IGF1 receptor inhibition amplifies the effects of cancer drugs by autophagy and immune-dependent mechanisms
- J Immunother Cancer. 2021 Jun;9(6):e002722. doi: 10.1136/jitc-2021-002722.
- 1. Department of Breast and Thyroid Surgery, Renmin Hospital of Wuhan University, Wuhan, Hubei, China.

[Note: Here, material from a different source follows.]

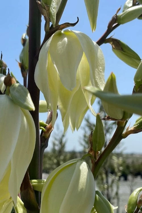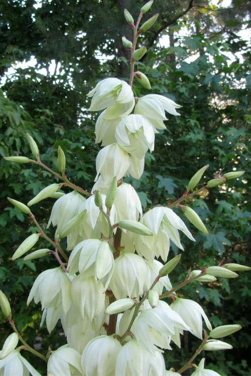 Truly unique and beautiful, the Silver Anniversary Yucca is an outstanding and very easy to grow architectural plant in the landscape. A cross of Yucca filamentosa and Yucca pallida, Silver Anniversary will quickly form a clump of dusty-blue, sword-shaped leaves to 2 feet tall and 4 feet wide. In late spring to early summer tall burgundy stalks rising to 7 feet high are topped with a large tower of bell-shaped white flowers. A site to behold! Silver Anniversary grows well in most any type of soil provided it is well-drained and full sun to part shade. As with other Yucca, it has high drought tolerance and the deer turn their nose up to it.

- 2. Centre de Recherche des Cordeliers, Equipe labellisée par la Ligue contre le cancer, Université de Paris, Sorbonne Université, Inserm U1138, Institut Universitaire de France, Paris, France.
- 3. Metabolomics and Cell Biology Platforms, Gustave Roussy Cancer Center, Université Paris Saclay, Villejuif, France.
- 4. Faculty of Medicine, Université Paris Saclay, Kremlin Bicêtre, France.
- 5. Department of Pathology, Renmin Hospital of Wuhan University, Wuhan, Hubei, China.
- 6. Samsara Therapeutics Ltd, Oxford, UK.
- 7. Institute of Molecular Biosciences, NAWI Graz, University of Graz, Graz, Austria.
- 8. BioTechMed-Graz, Graz, Austria.
- 9. Field of Excellence BioHealth, University of Graz, Graz, Austria.
- 10. Department of Breast and Thyroid Surgery, Renmin Hospital of Wuhan University, Wuhan, Hubei, China [email protected] [email protected] [email protected].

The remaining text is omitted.